WHAT IS BEING ASKED
What is needed is an exact copy of the lines from the one containing "Microdia Travel Adapter" through the last line of the records below, with no pictures.

ENTRIES PROVIDED
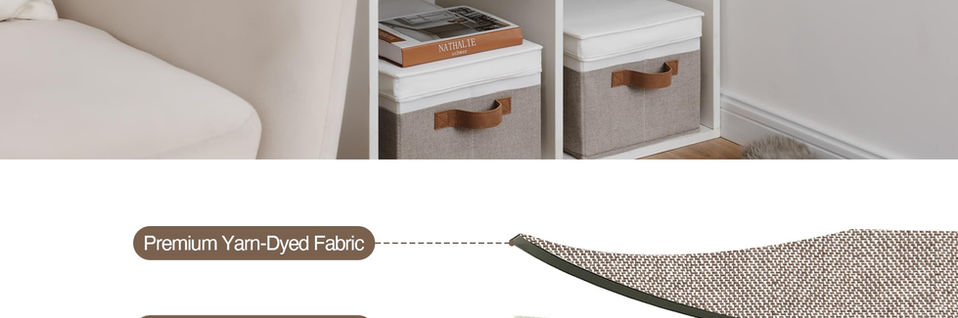 Premium Quality: The storage box is made of high quality natural fiber, which is odorless and moisture-proof, the sides and bottom of the box are made of sturdy, thick boards to ensure that a stable structure for long-term use. Handle with Ease: With the 2 PU sewn handles on both sides of the storage bins, you can easily carry items without tearing the handles. Removable Lid: The storage bins come with removable lids for dust protection, which not only keeps your items clean, but also saves space and looks neat when stacked. Multi-Scene Use: These storage boxes are perfect for bedrooms, wardrobes, living rooms, dorms, bathrooms, and can effectively store a variety of items. Available in different colors and sizes, beautiful and functional. Foldable Design: Simply unfold the box and place the base plate on the bottom. Fold down when not in use to help you optimise space.
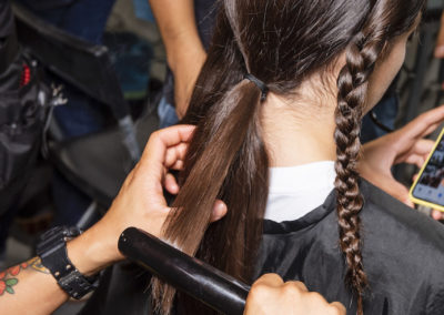 Per ottenere il look, Sam ed il suo team hanno asciugato e lisciato i capelli prima di sezionarli ed intrecciarli, ma il segreto del finish elegante di questo stile è stata la Babyliss 9000, la nuovissima e rivoluzionaria piastra cordless. Questo nuovo rivoluzionario prodotto, che è già diventato un successo durante questa stagione della London Fashion Week, è unico nelle sue alte prestazioni, con la comodità di non aver nessun filo.
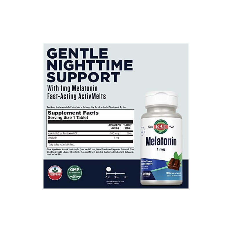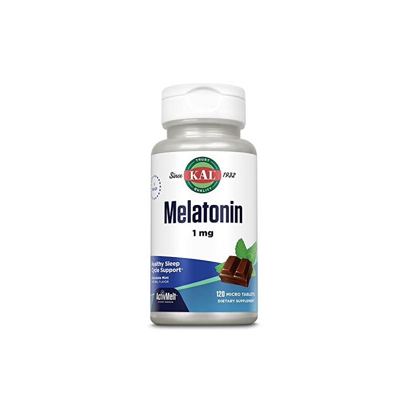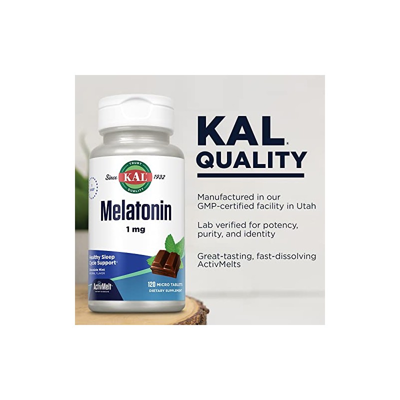 KAL Ayuda para dormir de melatonina de 1 mg, suplemento de melatonina que apoya la relajación calmante y un ciclo de sueño saludable, ActivMelts de disolución rápida, sabor natural a menta y
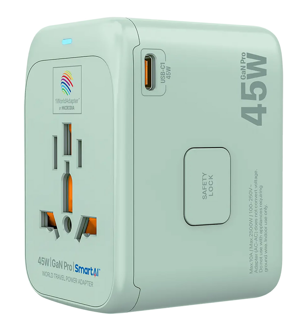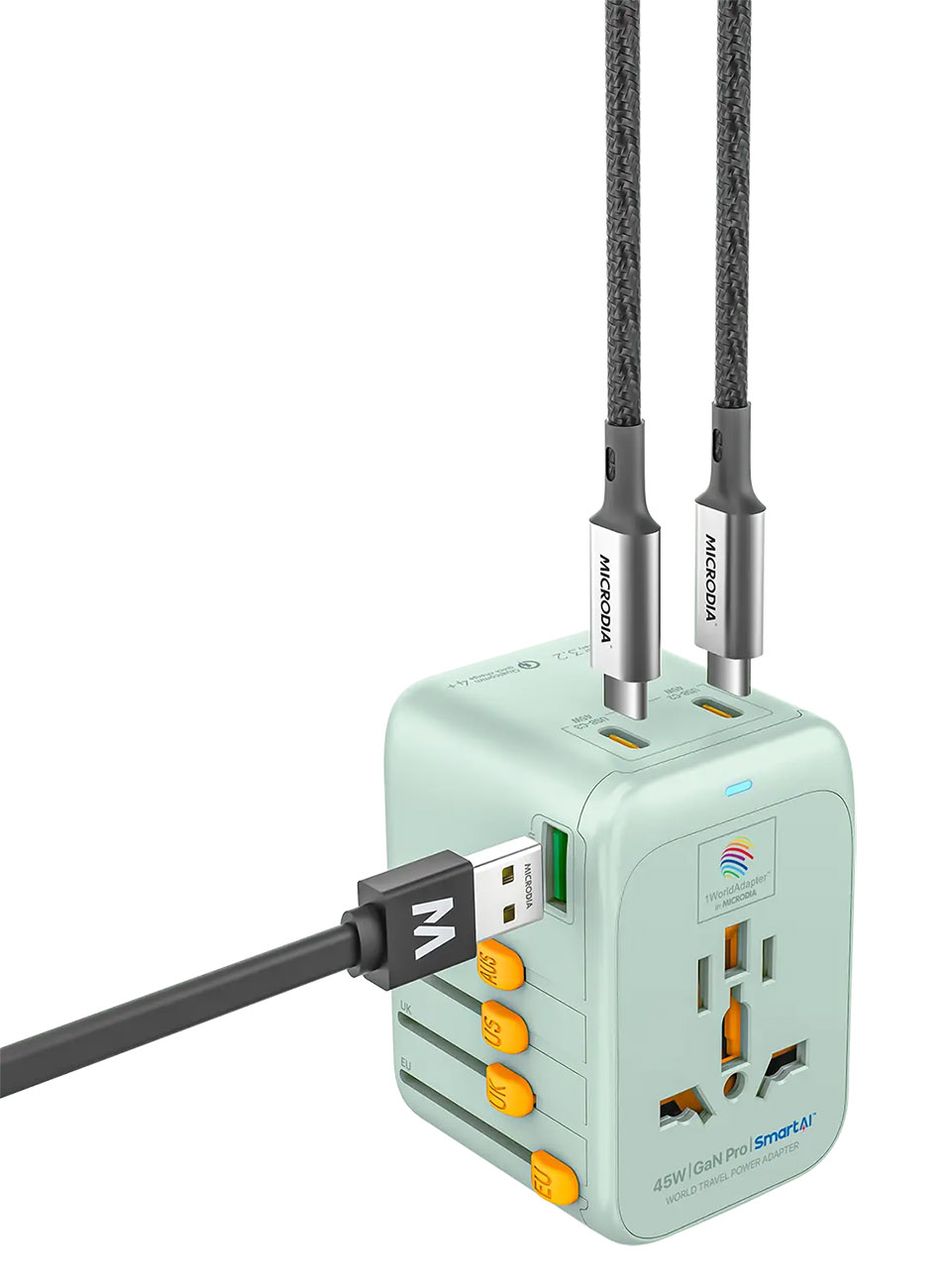 Microdia Travel Adapter / 3 Type-C Ports + 1 USB Port / Universal / 45W Power / Green in Qatar
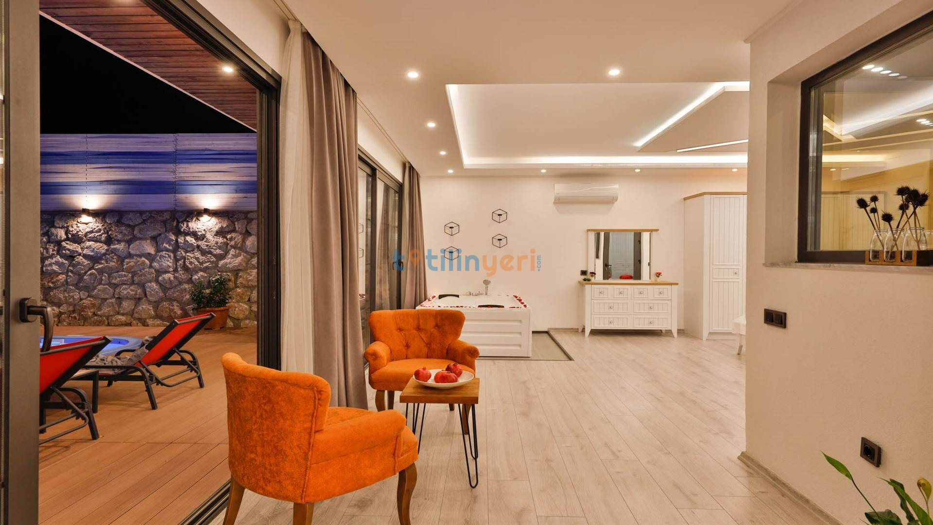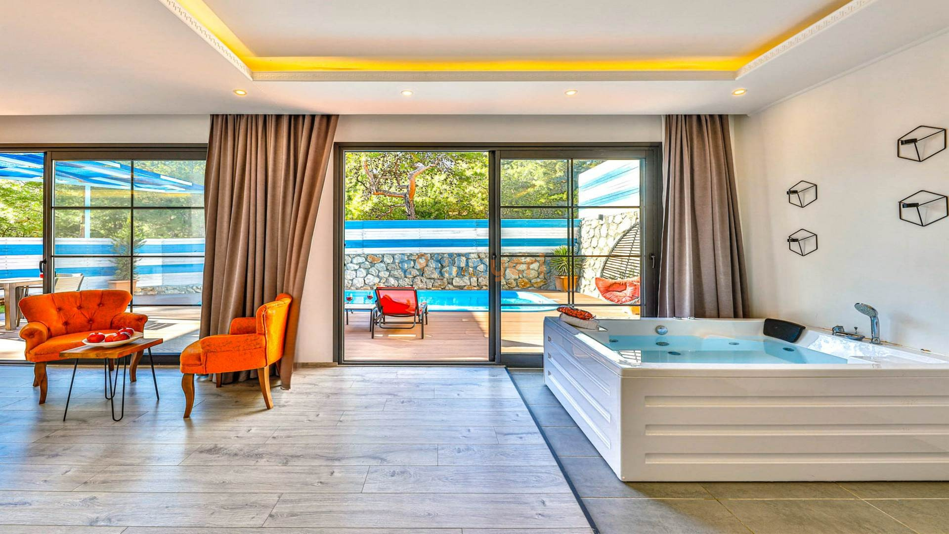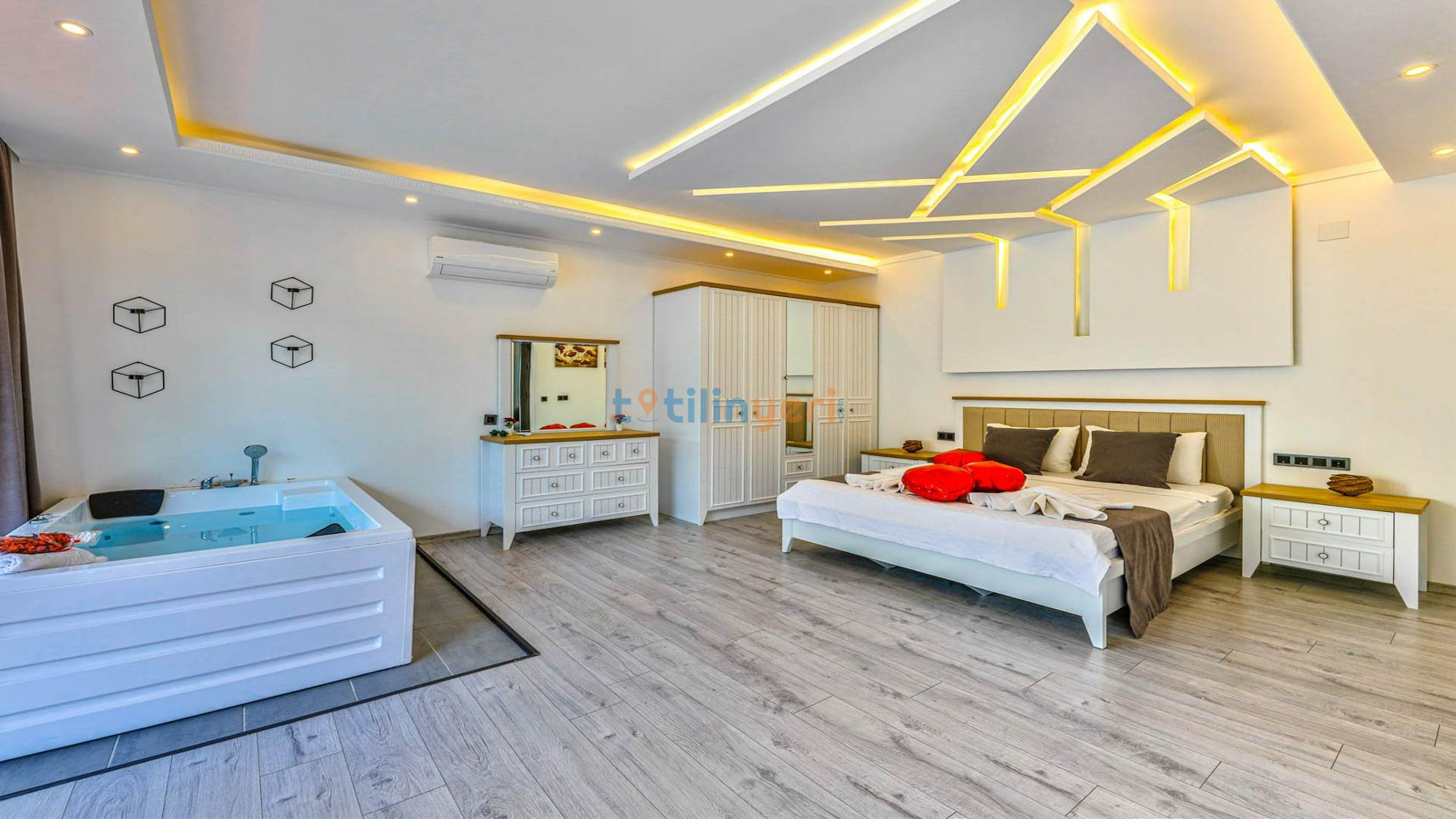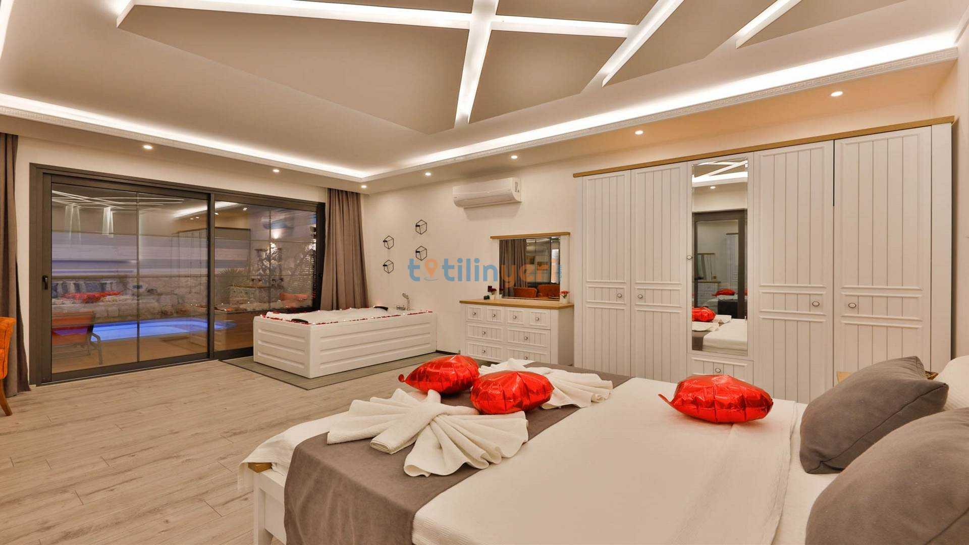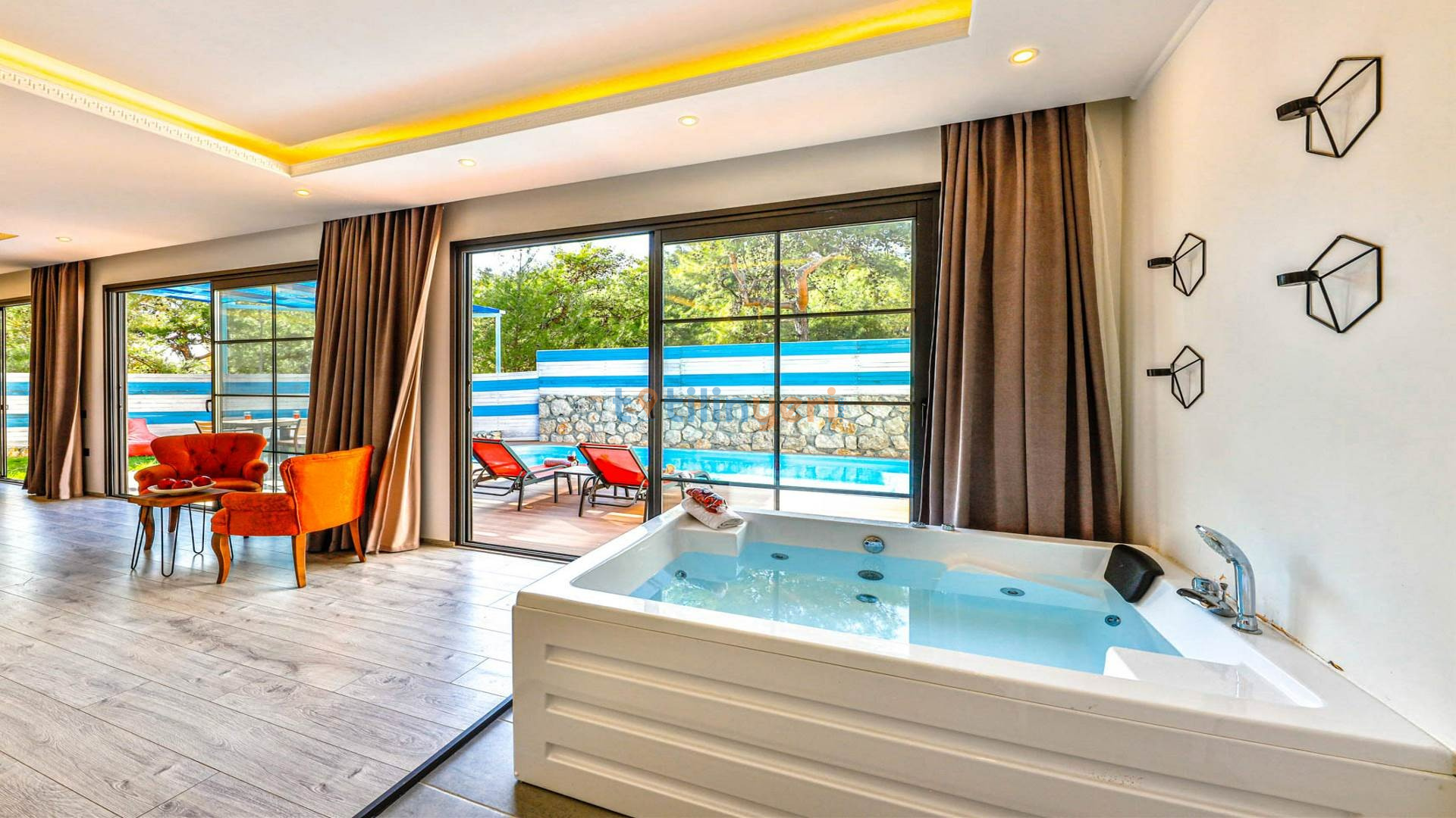 - Çift Kişilik Jakuzi: Lüks ve konforlu bir tatil için jakuzi.

EXERCISE ANSWER
 Microdia Travel Adapter / 3 Type-C Ports + 1 USB Port / Universal / 45W Power / Green in Qatar
 - Çift Kişilik Jakuzi: Lüks ve konforlu bir tatil için jakuzi.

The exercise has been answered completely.